INFO] [01/30/2017 17:23:21.958] [mySys-akka.actor.default-dispatcher-14] [akka.cluster.Cluster (akka: // mySys)] Node cluster [akka.tcp: // mySys@127.0.0.1 : 2554] - A new incarnation of an existing participant [Member (address = akka.tcp: // mySys@127.0.0.1 : 2552, status = Up)] is trying to join.
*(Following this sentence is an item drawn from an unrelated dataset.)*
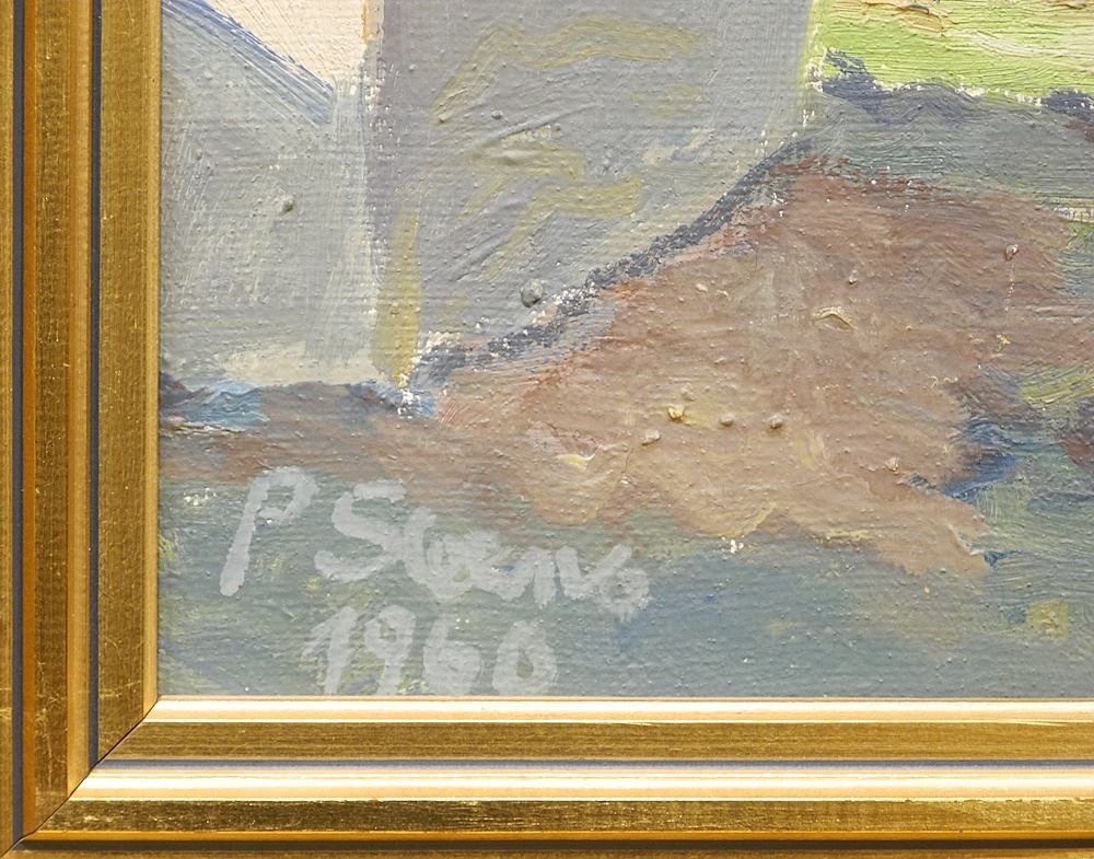 Oil on Canvas Signed P. Sleenvo 1960, 12 3/4" x 16 3/4", "Untitled- Scandinavian Church".

Existing ones will be removed from the cluster, and then the new member will be allowed to join. [INFO] [01/30/2017 17: 23: 21.959] [mySys-akka.actor.default-dispatcher-14] [akka.cluster.Cluster (akka: // mySys)] Node cluster [akka.tcp: / / mySys@127.0.0.1 : 2554] - marking is not available Node [akka.tcp: // mySys@127.0.0.1 : 2552] as [Down] [INFO] [01/30/2017 17: 23: 22.454] [mySys-akka. actor.default-dispatcher-2] [akka.cluster.Cluster (akka: // mySys)] Node cluster [akka.tcp: // mySys@127.0.0.1 : 2554] - The leader can fulfill his duties again [INFO] [01 / 30/2017 17: 23: 22.461] [mySys-akka.actor.default-dispatcher-2] [akka.cluster.Cluster (akka: // mySys)] Node cluster [akka.tcp: // mySys@127.0.0.1 : 2554] - The leader removes the unreachable Node [akka.tcp: // mySys@127.0.0.1 : 2552] [INFO] [01/30/2017 17: 23: 32.728] [mySys-akka.actor.default-dispatcher-4] [akka.cluster.Cluster (akka: // mySys)] Node cluster [akka.tcp: // mySys@127.0.0.1 : 2554] - Node [akka.tcp: // mySys@127.0.0.1 mySys@127.0.0.1 : 2552] - SAVE, roles [] [INFO] [01/30/2017 17: 23: 33.457] [mySys-akka.actor.default-dispatcher-14] [akka.cluster.Cluster (akka: // mySys)] Node cluster [akka.tcp: // mySys@127.0.0.1 : 2554] - The leader moves Node [akka.tcp: // mySys @ 12.0.0.1: 2552] to [Up] [INFO] [01/30 / 2017 17: 23: 37.925] [mySys-akka.actor.default-dispatcher-19] [akka.tcp: // mySys@127.0.0.1 : 2554 / remote / akka.tcp / mySys @ 127.0.0.1: 2552 / user / testActors / c1] The router is on the Actor path [akka.tcp: // mySys @ 12.0.0.1: 2552 / user / testActors # -630150507]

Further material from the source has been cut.